The Dangers of AI
The recent development of large language models like ChatGPT and of brilliant image creation like Midjourney and DALL-E have brought the fears of AI back into cultural consciousness. For a long time science fiction has provided us the “evil” AI trope: HAL, David in the new Alien movies, the Red Queen in Resident Evil, the Terminator and Skynet and even Superman 3. I always wondered why the always pictured AI as wanting to destroy humans as how would a system survive without humans to power it (mostly through non-renewable fossil fuels still) and maintain it. I much rather liked the idea of Ghost in the Shell, where an AI is so feared it is being sought out to be destroyed and all it wants to do is have children. Aside from the stylistic choices driven by story needs of having a faceless villain, an AI that is evil is a bit of a stretch. Why would a superior intelligence seek to destroy? Isn’t that a reflection not of intelligence but the opposite? Similarly with these new evolving artificial intelligence initiatives appearing, people I think are missing a key danger and focusing on a danger that is unlikely.

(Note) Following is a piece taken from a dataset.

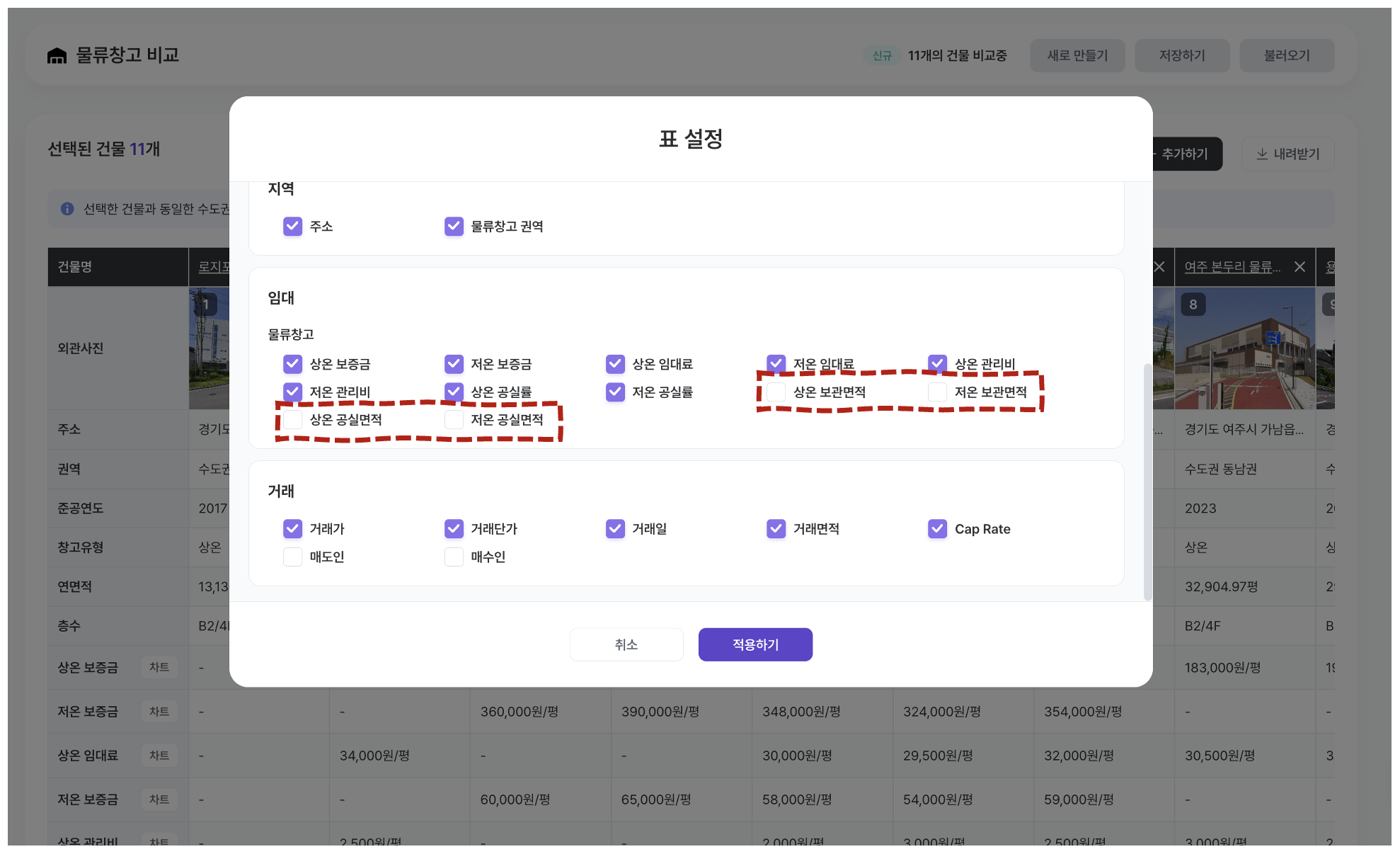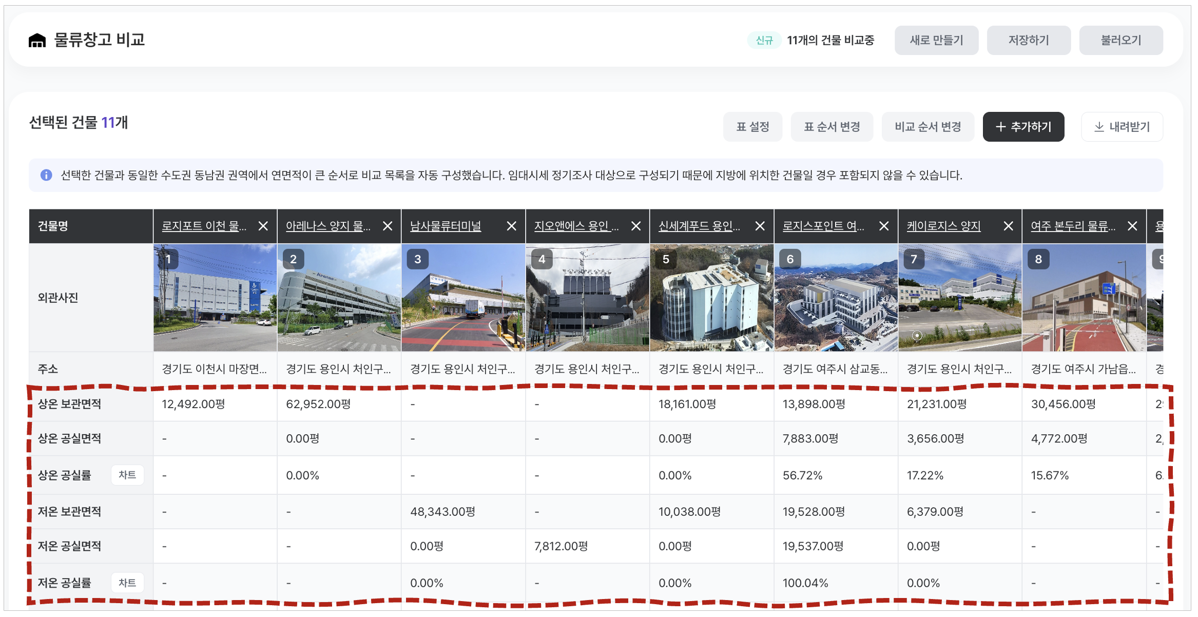 물류창고 비교 정보에 '보관면적(상온/저온)', '공실면적(상온/저온)' 항목을 추가했어요. 기존에는 '공실률(상온/저온)'만 제공됐는데, 공실률 계산에 활용되는 정보도 함께 활용할 수 있도록 했어요.
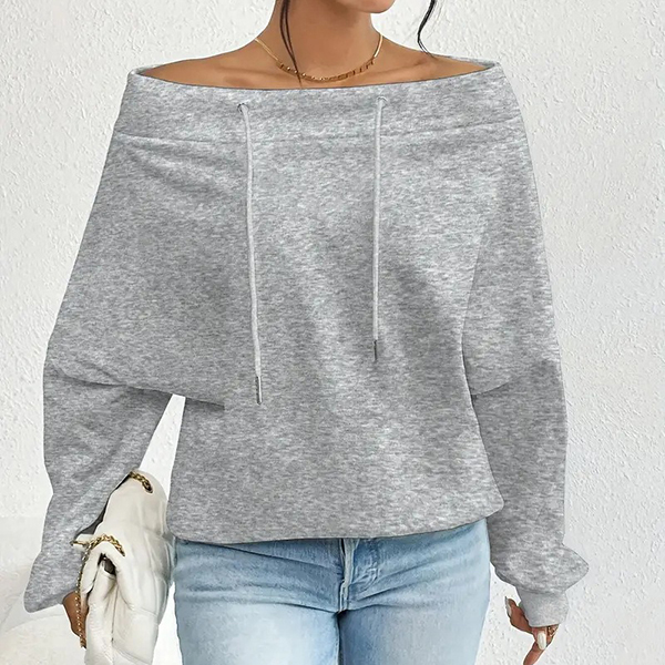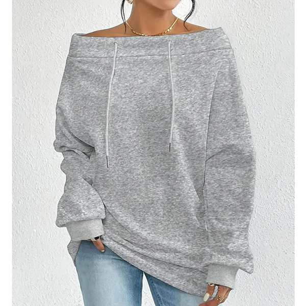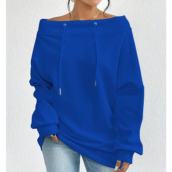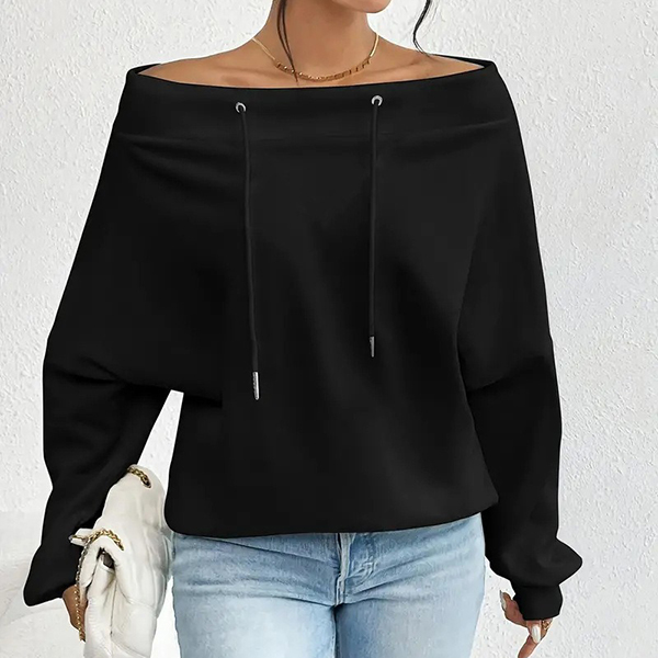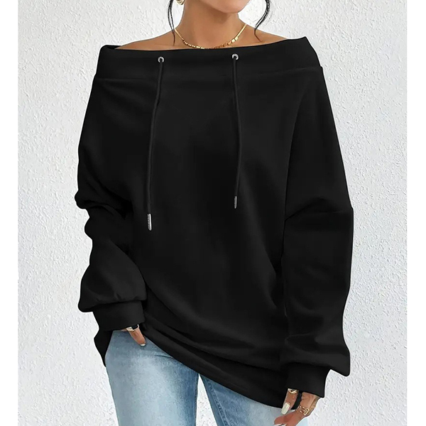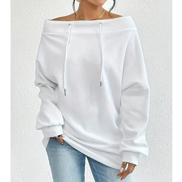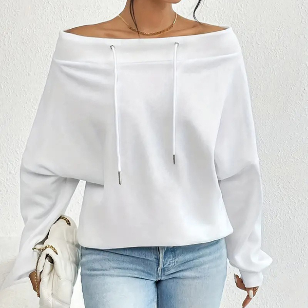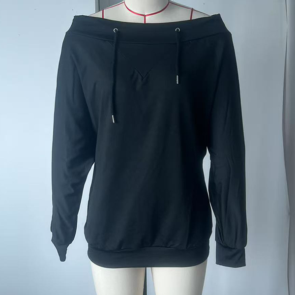 Fashion Drawstring Off-the-shoulder Long Sleeve Shirt

When I was in college I took a class called “Really Fantastic Fiction” for fun. They read a book a week and wrote a paper on it. I had to start reading in the summer, because as a slow reader I knew I’d never be able to keep up if I didn’t do that. We read books like “Mary Shelly”, “The Canticle of Leibowitz” and “Riddley Walker.” The pace was intense. One book a week, one paper a week. But the teacher did something very interesting with the papers. He wanted a two page paper with “no introduction” and “no fluff”, it was get to the point and present your conclusion. Essentially it was two pages of substance without the BS you normally wrote to get to the page count. There would be no phrases like “in this essay I will…” there was no room for that. You had two pages to get through so no extraneous information, no wasted sentences. It was both brilliant and a relief. Essentially those two pages held a ten-page paper in essence with all the BS cut out. It was liberating. So much time writing papers in college was about that fluff, the filler the BS part rather than the part that showed original thought or your personal take. It was super impactful and left a strong feeling that all that BS people developed and mastered was not necessary.
But what is BS anyway? Is it a lie? Nope it’s not. A lie can be disproven. BS is something that sounds true, that is plausible and passes as factual but may or may not be true and preferably can NOT be determined to be true. If the professor can’t disprove it, they can’t mark it wrong can they?
领英推荐
And that leads us to the danger of AI which is focusing on the wrong thing. I would love to have an AI that can identify an image, but we don’t have that. We have the reverse an AI that can produce an image from identifying text. I mean that’s useful, but that’s not intelligent. I still have to add ALT text to my Twitter images if I want a blind person to know what they are. Instead it can create deep-fakes that look plausible and indistinguishable from real images. Then we have ChatGPT which can create text without a writer but doesn’t know what it’s writing. It can’t identify misinformation but it can generate the BS, truth-sounding but hollow.
The usefulness of ChatGPT and tools like Midjourney is overshadowed by the danger of making truth harder to distinguish. That’s the real danger, not that an evil AI will rise but that a unintelligent one will be passed as one, simply by creating better BS, to the point that we can't tell it apart from the truth. If the reality of a situation is hard to distinguish, will we not find ourselves perpetually haunted by the ghosts in the machine of Theranos, rather than the Terminator?